Collected data entries:
▼

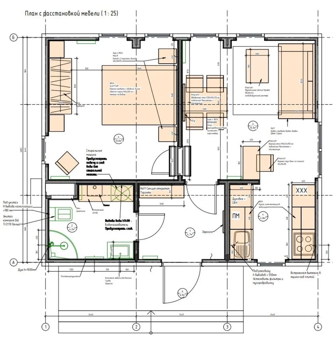 44 м2
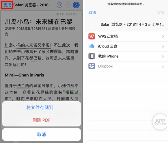 而点击右上角的「完成」,则可以选择保存文件或将 PDF 删除。
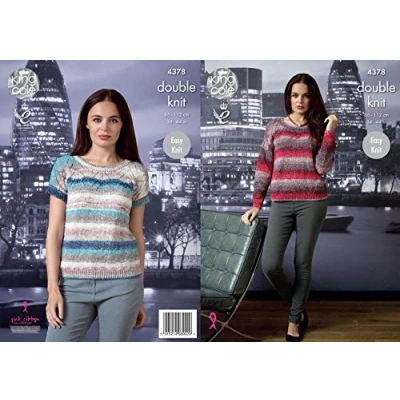 This is a paper knitting pattern and not the finished garments. Knitting with King Shine DK yarn To make the garments included in this easy knitting pattern, you will need a pair each of 3.75mm and 4mm knitting needles. This brochure contains sizes for chest circumference 86 112 cm. The long sleeve requires between 5 and 9 100g balls of King Cole Shine DK. The sleeveless top requires between 3 and 6 balls of King Cole Shine DK. Exact requirements vary by size, see pack insert for details. Other King Cole DK yarns can be used but check tension and height. Shades pictured are 1717 Nightlife and 138 Glacier All instructions are in English
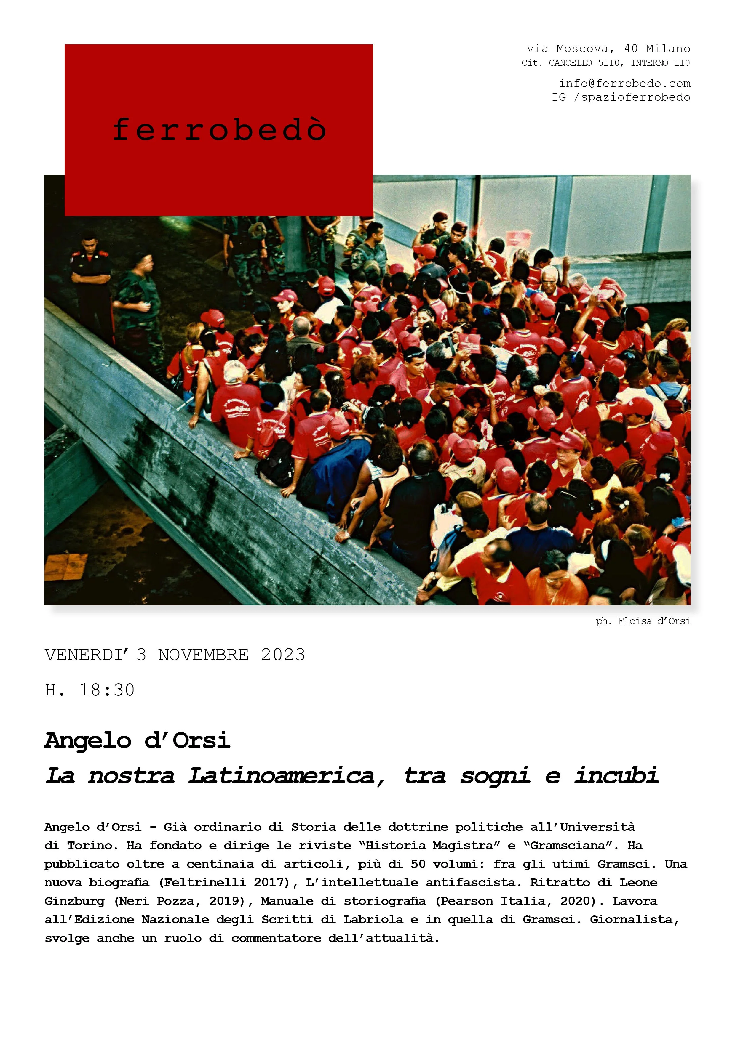 Angelo d’Orsi - La nostra Latinoamerica, tra sogni e incubi venerdì 3 novembre 2023 18:30 20:30 Via Moscova 40 Milano, Lombardia, 20121 Italia (mappa) Google Calendar ICS
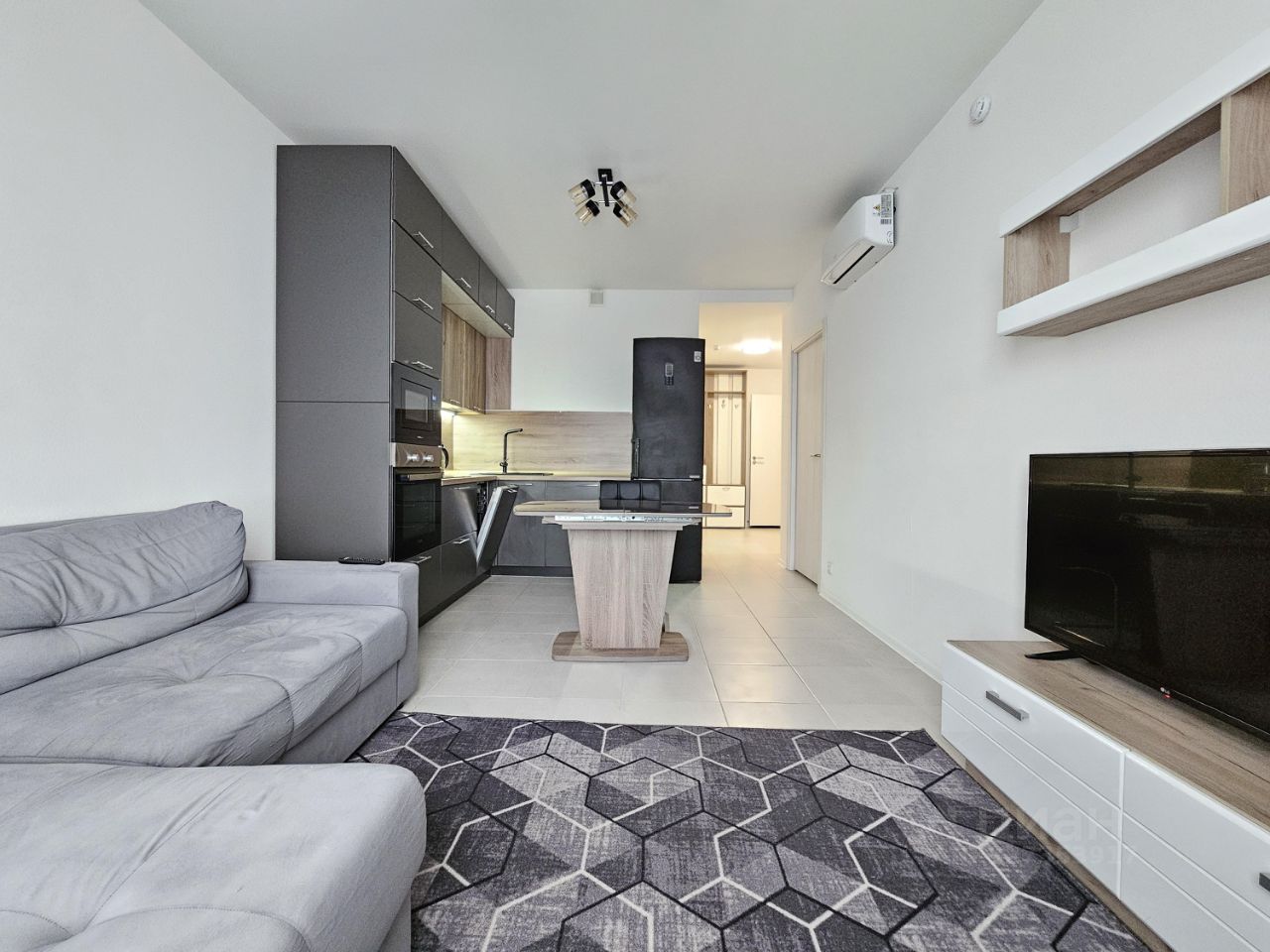 В квартире сделан качественный евроремонт, она полностью готова к проживанию. В вашем распоряжении вся необходимая мебель как в комнате, так и на кухне. Для комфортного проживания установлена современная техника: кондиционер, холодильник, телевизор, стиральная и посудомоечная машины. Ванная комната оборудована ванной.

▲

__INSTRUCTIONS TO FOLLOW__
Drop the pictures, then write out only the lines running from the one containing "而点击右上角的「完成」,则可以选择保存文件或将 PDF 删除。" through the last line above, both included, exactly.

__WORKED SOLUTION__
 而点击右上角的「完成」,则可以选择保存文件或将 PDF 删除。
 This is a paper knitting pattern and not the finished garments. Knitting with King Shine DK yarn To make the garments included in this easy knitting pattern, you will need a pair each of 3.75mm and 4mm knitting needles. This brochure contains sizes for chest circumference 86 112 cm. The long sleeve requires between 5 and 9 100g balls of King Cole Shine DK. The sleeveless top requires between 3 and 6 balls of King Cole Shine DK. Exact requirements vary by size, see pack insert for details. Other King Cole DK yarns can be used but check tension and height. Shades pictured are 1717 Nightlife and 138 Glacier All instructions are in English
 Angelo d’Orsi - La nostra Latinoamerica, tra sogni e incubi venerdì 3 novembre 2023 18:30 20:30 Via Moscova 40 Milano, Lombardia, 20121 Italia (mappa) Google Calendar ICS
 В квартире сделан качественный евроремонт, она полностью готова к проживанию. В вашем распоряжении вся необходимая мебель как в комнате, так и на кухне. Для комфортного проживания установлена современная техника: кондиционер, холодильник, телевизор, стиральная и посудомоечная машины. Ванная комната оборудована ванной.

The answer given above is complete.